Monday, November 9, 2015

Detail #231: A Noun Complex

So, let's consider a language that has fairly morphologically simple nouns: maybe they mark one or two things - but preferrably at most one of those things at a time.

But the noun phrase has a thing going for it that is more complicated. The article. The article bears the brunt of morphological marking, and this to an extent that far surpasses German.

First, we'll posit a historical origin: nouns that have been grammaticalized. So, instead of "actor" vs "actress", you have "boy actor" vs "girl actor". Thus, what now are articles, historically have been nouns. There is a fair share of such former nouns, and the noun classes can be somewhat overlapping.

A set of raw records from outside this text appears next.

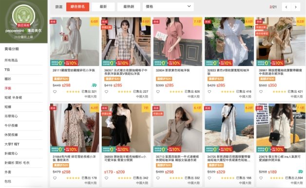 「peppermint薄荷美衣」賣場品項超級多,滑都滑不完,而且價錢幾乎清一色都是百元價,編輯實際問過買過的周圍友人們,不管是衣服質感,還是布料材質,大家都是豎起大拇指的一致好評!就算月底也能無壓力清空購物車,深受學生族群與小資女孩的喜愛,難怪能夠突破40萬人追蹤,唯一美中不足的一點大概就是它是從中國發貨,等待時間較難準確預測。
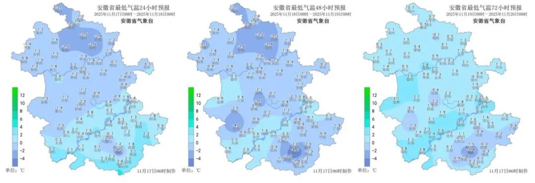 未来三天全省最低气温预报
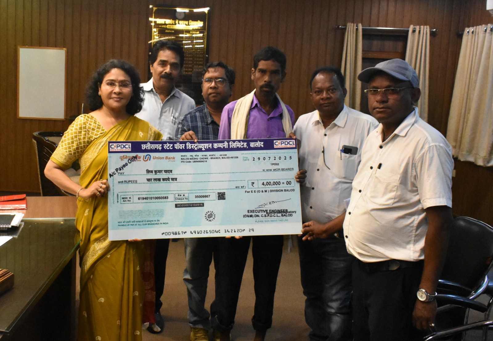 विवाह कार्यक्रम के दौरान समारोह में लगाए गए टेंट में बिजली प्रवाहित होने पर वह टेंट में लगे लोहे के संपर्क में आने से फलेश्वर यादव की मृत्यु हो गयी थी। इस घटना के लिए छत्तीसगढ़ राज्य विद्युत वितरण कंपनी व राज्य सरकार द्वारा मुआवजे के प्रावधान के अनुसार मृतक के उत्तराधिकारी पिता शिवकुमार यादव को चेक के माध्यम से 04 लाख रूपये का मुआवजा राशि प्रदान किया गया है।
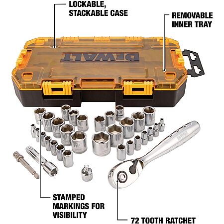 34-Piece DeWalt 1/4" & 3/8" Drive Socket Set (SAE/Metric, DWMT73804) for
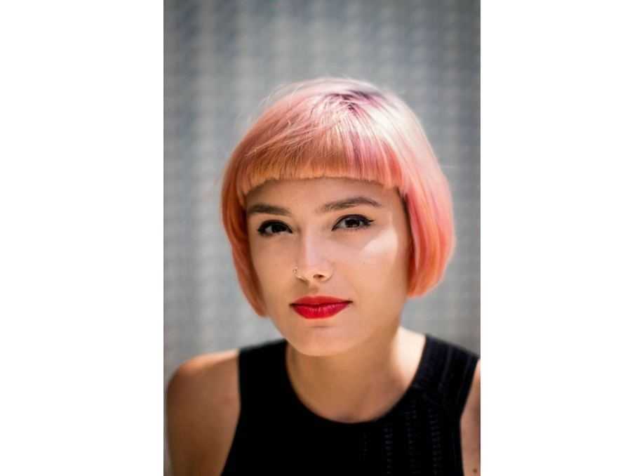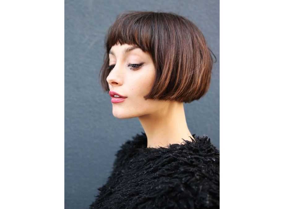 Короткая челка предъявляет особые требования к цвету волос, ресниц и бровей. Они должны быть максимально графичными и хорошо гармонировать с общей палитрой прядей. Именно поэтому коротко остриженные челки можно часто встретить на обладательницам темно-каштановых, шоколадных и черных локонов.

Possessors of the noun have a congruence marker in the article. Certain nominal possessors may be incorporated into the article, but some will just have a possessive pronominal suffix on the article. Certain adjectives can also be incorporated, but only one at a time.

A number of morphemes corresponding to different types of indefinites and definites also go on the article. 

What more can we throw onto these auxiliary nouns to get a sort of "polysynthetic noun phrase" going? Case could be an obvious thing, but let's not go there. Other kinds of relations than possession? E.g. spatial relations with regards to other nouns and deictics?

A noun that is represented by a pronominal suffix in "another noun's article" does not require an article of its own, unless it has further embedded relations (i.e. a possessor of a possessor or somesuch).